How Time‑Series Analysis Powers AIOps: Overcoming Real‑World Challenges
At the 16th GOPS Global Operations Conference, Shen Hui of DingMao Technology explained how time‑series data analysis underpins AIOps, outlining its four‑step workflow, key challenges, and the company’s three‑pipeline solution that enables trend forecasting, fault prediction, and a robust AI‑driven operational platform.
Time‑series data analysis is a core component of big‑data analytics and a key driver of digital transformation. At the 16th GOPS Global Operations Conference in Shenzhen, Shen Hui, Technical Product Director of DingMao Technology, used time‑series analysis as a lens to discuss the difficulties and challenges enterprises face in intelligent operations, and shared real‑world cases demonstrating the value of DingMao’s intelligent‑operation technology.
Time‑series data consists of measurement values paired with timestamps, enabling the extraction of patterns that evolve over time. By analyzing these patterns, organizations can perform trend forecasting and anomaly detection to deliver valuable services.

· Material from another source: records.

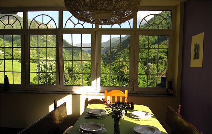 Aprovechando la gran galería de ventanales orientada al sur que recorre todo el restaurante, pusimos una cocina abierta en el centro, donde tanto desde el bar como desde el comedor se puede ver cómo se cocina y al mismo tiempo disfrutar de las hermosas vistas al valle, observando los colores del bosque en cada estación.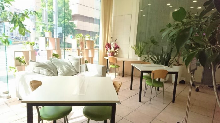 休憩スペース利用再開後には、観葉植物も緑がぱっと輝きを増して、心なしか生き生きとしているように感じられます。休憩スペースを開放したことで、エントランス全体に、明るい光がたくさん入り、気持ちのよい風がimyビル内に入ってまいります。imy会議室の事務所はエントランス休憩スペースに隣接しておりますので、事務所内もぱっと明るくなりました。気持ちよく業務に取りかかることができ、今まで以上に仕事がはかどります。今このブログも、エントランスからの明るい光を感じながら書いており、筆(注意:タイピングです)がすらすらと進むものでございます。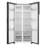 Este refrigerador MIDEA Side By Side de 442 litros ofrece una gran capacidad de almacenamiento y características convenientes como No Frost, panel digital exterior, doble cajón para frutas y verduras, y alarma en la puerta.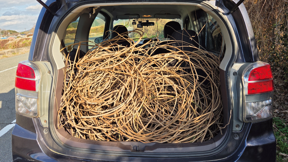 かごを作るにはそれなりの量・長さが必要なので、車のトランクが埋まる程つるを取ることも…!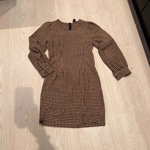Pent brukt kjole fra Second Female i str. 42. Kan også passe en liten 44. Underkjolen er 54-55 cm fra underarm til underarm. Kjolen er 61 cm fra underarm til underarm, og 108 cm lengde. Har løs underkjole. Veldig fin på. Polyester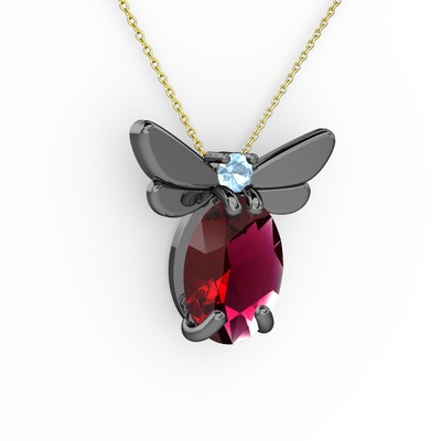 Rodolit garnet ve akuamarin 925 ayar siyah rodyum kaplama gümüş kolye (40 cm altın rolo zincir)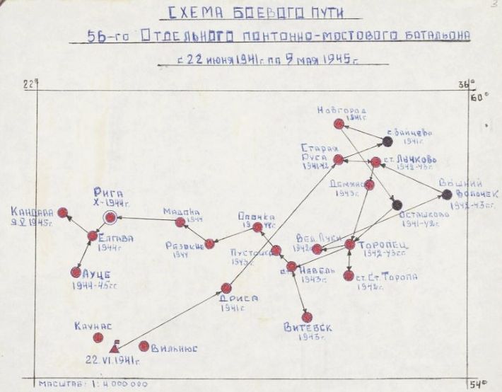 56 отдельный моторизованный понтонно-мостовой батальон был сформирован в результате преобразования 30-го Понтонного полка. В течение Великой Отечественной войны батальон принимал участие в боевых операция 11-й армии, Новгородской армейской группы войск, 4-й ударной армии, 34-й армии, 27-й армии, 1- ударной армии, 57-й армии, 20-й армии, 11 гвардейской армии и 10-й гвардейской армии.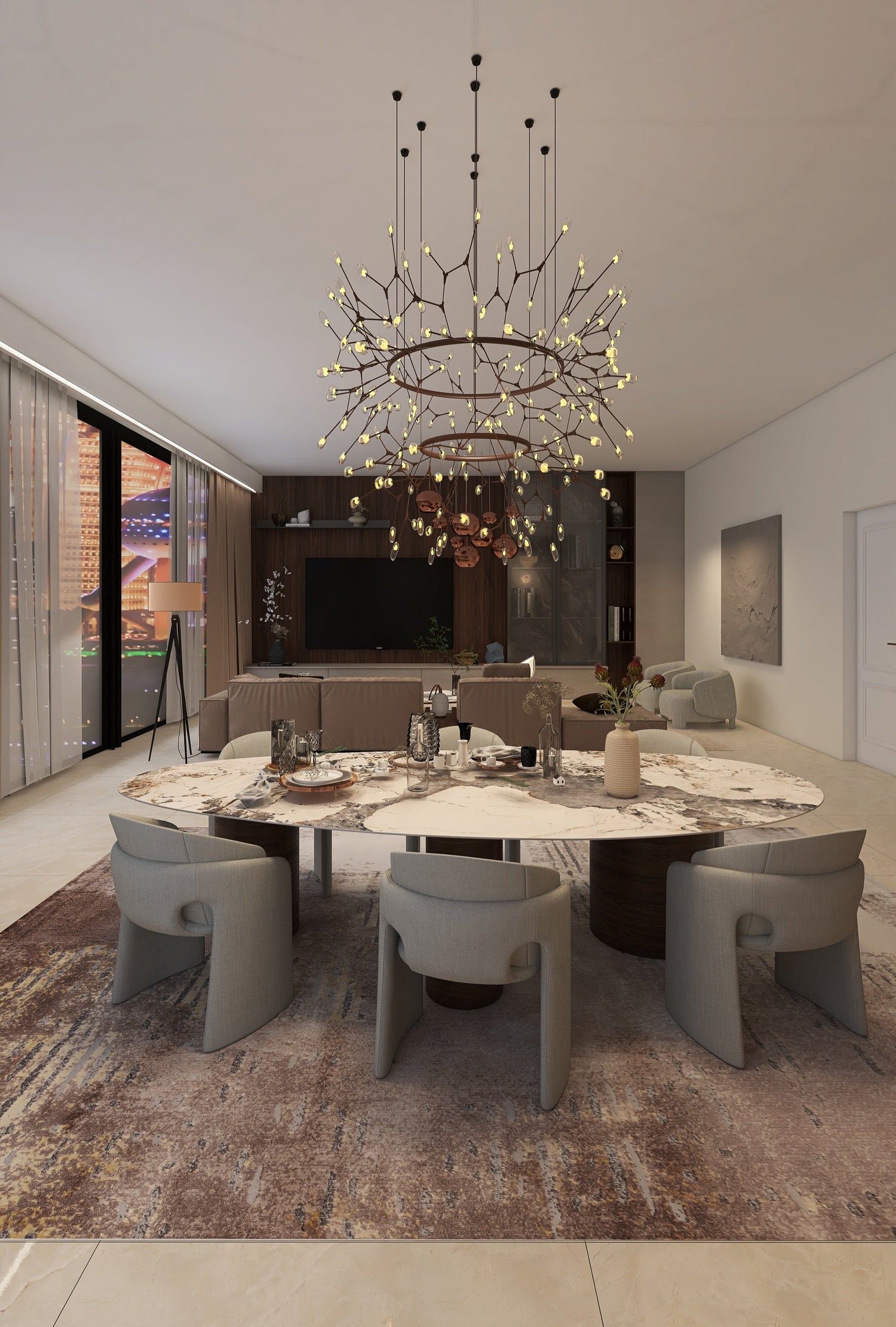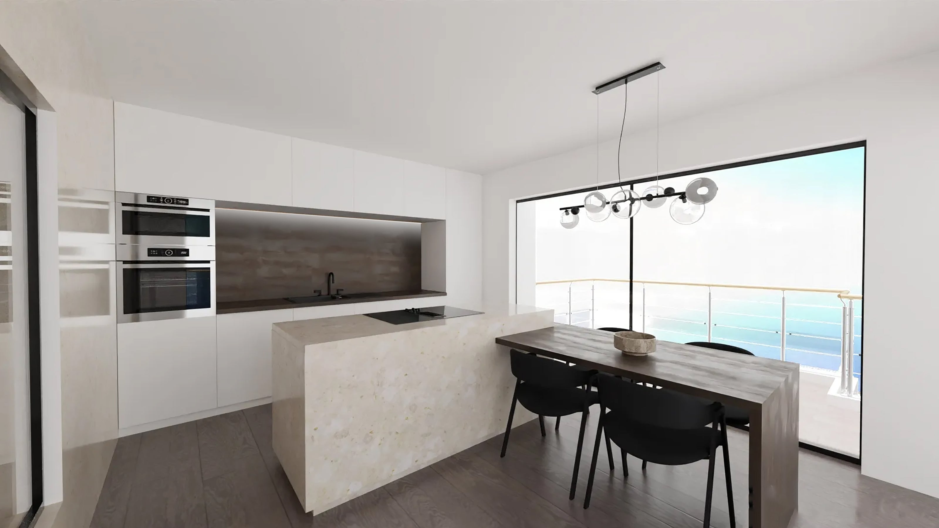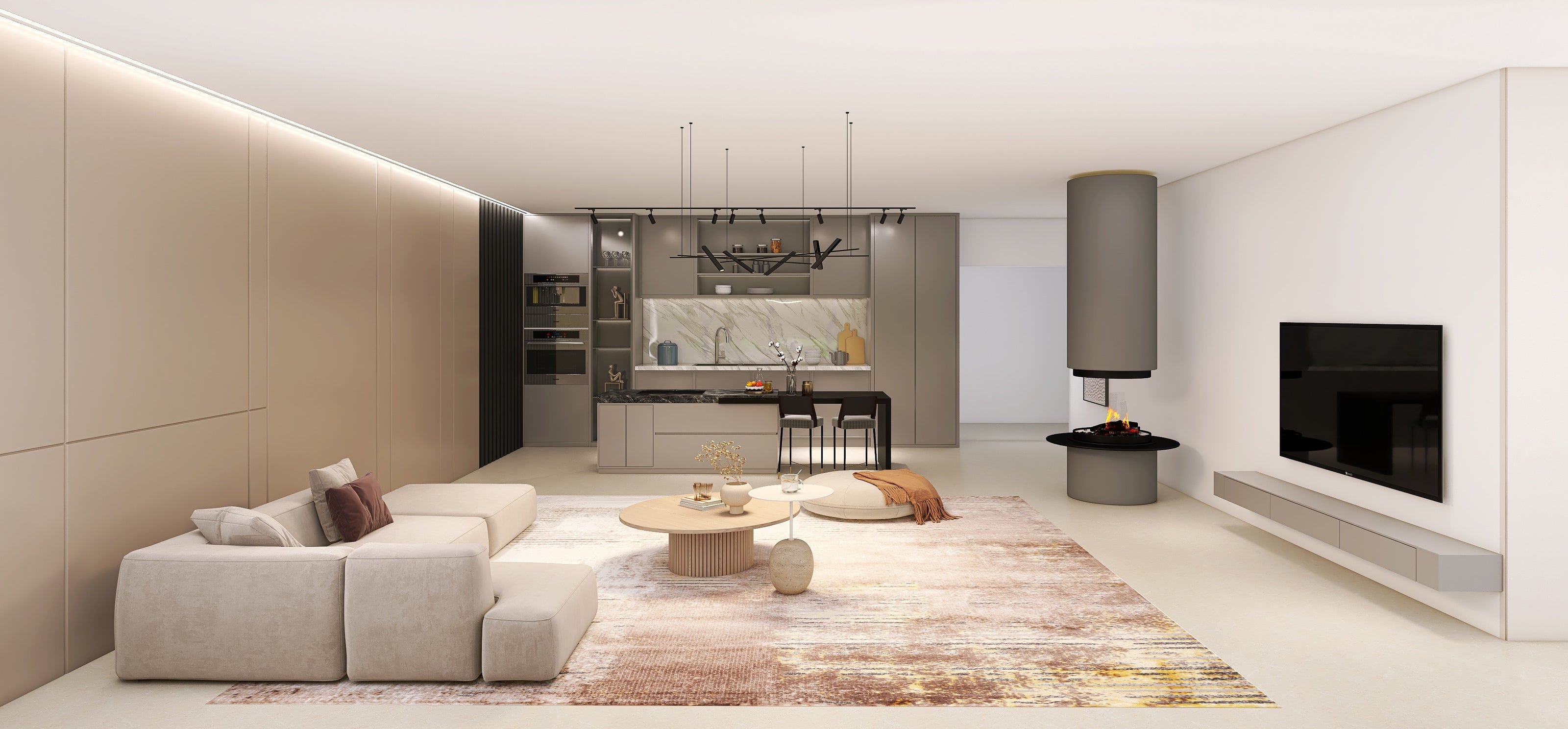 À l’intérieur, le salon adopte une palette de tons beiges, gris et taupe, apportant une chaleur agréable à l’ensemble, tout en conservant une ambiance moderne et sophistiquée. Ces nuances créent une atmosphère apaisante et accueillante, idéale pour se détendre. Le plan de travail de la cuisine, en marbre blanc, ajoute une note de luxe discret tout en soulignant l’aspect contemporain de la maison.

Time‑series analysis follows four steps: data collection → data governance → data analysis → data visualization. Data analysis is the core of AIOps, employing statistical learning, machine learning, and deep learning for regression, classification, feature extraction, and pattern matching. The analysis faces four major challenges: integrity checks during streaming collection, deduplication, denoising, missing‑point interpolation, and time‑series aggregation alignment.
To address these challenges, DingMao proposes a three‑pipeline architecture: a data pipeline, an ML pipeline, and an Application pipeline. The edge‑collection layer implements the full data pipeline, the ML pipeline leverages the data‑analysis layer, and the Application pipeline consists of scenario‑driven intelligent products. Expert feedback is incorporated to validate ML results and continuously optimize the models, forming a closed‑loop AIOps solution.

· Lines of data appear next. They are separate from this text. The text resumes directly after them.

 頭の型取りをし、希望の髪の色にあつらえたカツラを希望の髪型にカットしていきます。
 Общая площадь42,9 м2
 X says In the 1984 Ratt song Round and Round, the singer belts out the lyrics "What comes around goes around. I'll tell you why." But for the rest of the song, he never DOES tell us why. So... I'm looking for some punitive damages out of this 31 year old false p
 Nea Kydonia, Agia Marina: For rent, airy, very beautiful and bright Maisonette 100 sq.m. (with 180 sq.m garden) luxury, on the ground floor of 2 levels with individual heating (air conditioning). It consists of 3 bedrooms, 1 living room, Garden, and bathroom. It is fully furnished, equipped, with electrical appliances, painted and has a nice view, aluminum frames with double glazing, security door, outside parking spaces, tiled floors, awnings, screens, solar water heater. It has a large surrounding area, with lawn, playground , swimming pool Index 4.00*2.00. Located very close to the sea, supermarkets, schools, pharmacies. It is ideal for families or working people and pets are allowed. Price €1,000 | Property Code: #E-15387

In practice, customer requirements lead to two deeper research directions. One builds a fault matrix from the relationships among multiple time‑series metrics to enable early warning of potential failures. The other focuses on trend forecasting: after establishing inter‑metric relationship patterns, the model extends these patterns forward in time to predict short‑term trends, assess capacity needs, and plan IT resource allocation.
These approaches underscore that robust time‑series analysis requires a powerful intelligent‑analysis platform.
Successful digital transformation cases share common traits: emphasis on data quality, contextual data, and an effective data‑operation platform. DingMao’s Arcana platform integrates strong AI algorithms to support the entire AI‑driven lifecycle—from data ingestion and processing, through model building, evaluation, and management, to scenario design and intelligent application—creating a complete, automated operational loop that continuously refines models.
Founder Li Yao emphasized that every industry’s digital‑transformation journey needs a professional, scenario‑aware partner; DingMao’s deep industry experience and extensive scenario library enable rapid, efficient implementation of intelligent solutions, helping clients break through the “deep water” of digital transformation and generate greater commercial value.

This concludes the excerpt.